Downsteam, this would replace https://github.com/caporaso-lab/pretrained-feature-classifiers/blob/master/get_gg.sh#L14-L15

nbokulich commented 2 years ago

such an action was never added for a reason... GG has not be updated for close to a decade now, so supporting it in RESCRIPt simply is not as high of a priority as supporting other databases with more frequent release cycles, e.g., SILVA (already supported), UNITE, GTDB, etc...

My recollection from looking at file download stats a while back found that GG was not downloaded as much as some other databases, so I just see a lower juice:squeeze ratio in adding such an action. But I am not opposed.

@thermokarst @mikerobeson what do you think? Would supporting GG in RESCRIPt add value?

colinbrislawn commented 2 years ago

juice:squeeze 🍋🗜️

Yep. I was looking for a simple place to start with RESCRIPt before also using the PlutoF API.
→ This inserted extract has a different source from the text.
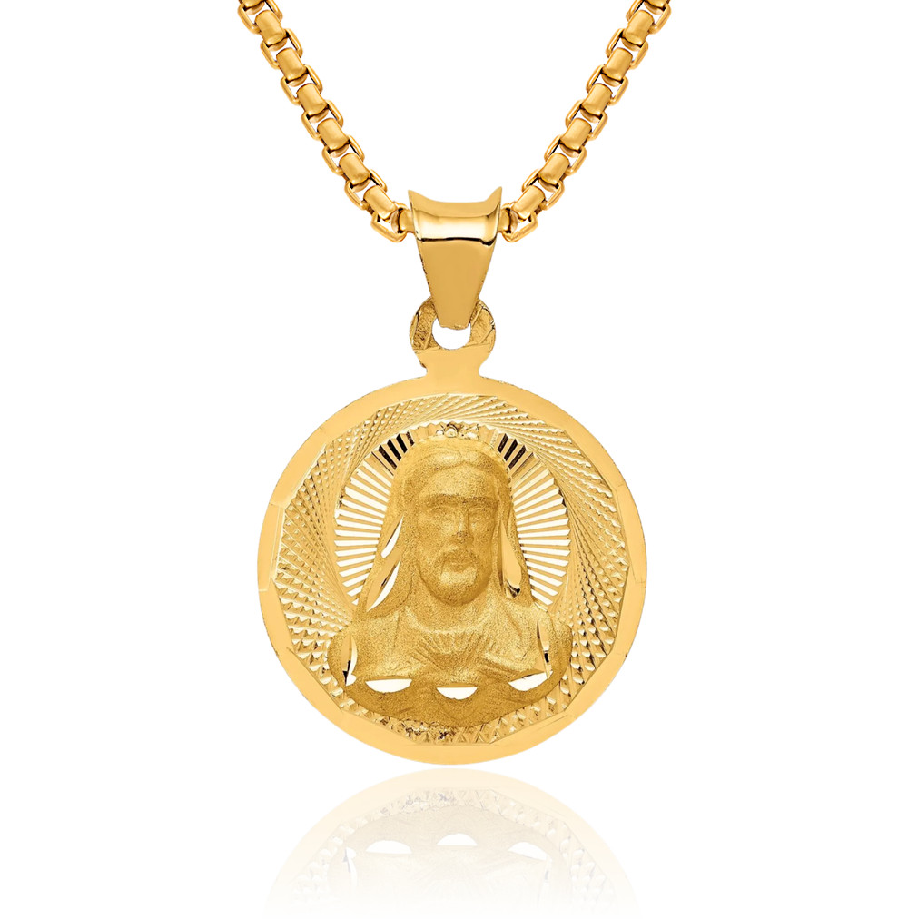 14K Solid Yellow Gold Sacred Heart of Jesus Round Necklace

I'm avoiding the hard problem, lol. Feel free to close if unneeded

thermokarst commented 2 years ago

@thermokarst @mikerobeson what do you think? Would supporting GG in RESCRIPt add value?

Hmm, probably not. The download stats are a bit inflated for GG, too, since most of the User doc tutorials use GG for its smaller size - so those classifiers get downloaded all the time when building docs, etc.

mikerobeson commented 2 years ago

I agree with you both @thermokarst & @nbokulich. Not worth adding IMO. But it might be something for a "good first issue" tag or something. 🤷